And yes, I do sometimes show some degree of rebelliousnes even in such matters - but as far as possible by supporting tendencies which also are supported by at least a fraction of the native users. For instance I find it idiotic to write ë in Russian when no other accent signs are used outside dictionaries and text books. If all Russians wrote ë then I would also grudgingly do so, but I have seen a fair number of texts without this sign, and then I follow meekly in their footsteps.

However this is another side of rebelliousness than I referred to in my first message in this thread. There I wrote about the attitude to grammars which makes me collect information from several sources and then choose which description I prefer - and quite often this is one I have invented myself because those I have seen weren't quite satisfactory.

For instance I have yet to see a grammar for Icelandic or Russian or other inflectionrich languages which presented articles plus the most common endings of adjectives and substantives together. It could be a matter of space, but I can do it on my 'green sheets' so it is certainly possible.

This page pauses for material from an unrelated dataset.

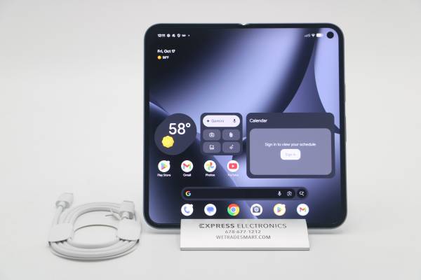 Available in store is a Google Pixel 10 Pro Fold in Moonstone that has 256GB of storage and is covered under Google WARRANTY until October 9th, 2026. The unit is in NEW Condition, having no signs of wear overall and comes with the original OPENED BOX. The device has a GUARANTEED clean IMEI and is FACTORY UNLOCKED, which allows it to be used with any worldwide carrier. The phone comes with a genuine charging cable and is ready to be purchased!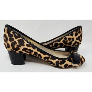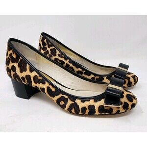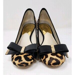 Michael Kors Kiera Leopard Calf Hair Leather Womens Size 10D Chunky Heel Bow

In Greek I see a lot of babble about futures and subjunctives when the reality is that these just are the present form of the aorist with different particles. in a similar vein I have earlier criticized the idea that Russian perfective verbs don't have presents and imperfective don't have synthetic futures, where the reality is that they share the same form but give it different interpretations based on the semantics of the two main aspect categories. In Irish I haven't seen a simple table that clearly shows how masculine and feminie nouns are inflected in complementary patterns - almost as if somebody had drawn a table and then pushed the whole system one step for the feminine forms.

Here I don't try to break rules, but just to find ways of seeing patterns that makes it easier to grasp the system behind the linguistic facts. Some grammarians are good at this game, some less good, maybe because they are too conformist or too preoccupied with petty details, but then I get the chance to learn the system by rethinking the existing descriptions .. within the limits set by my own knowledge.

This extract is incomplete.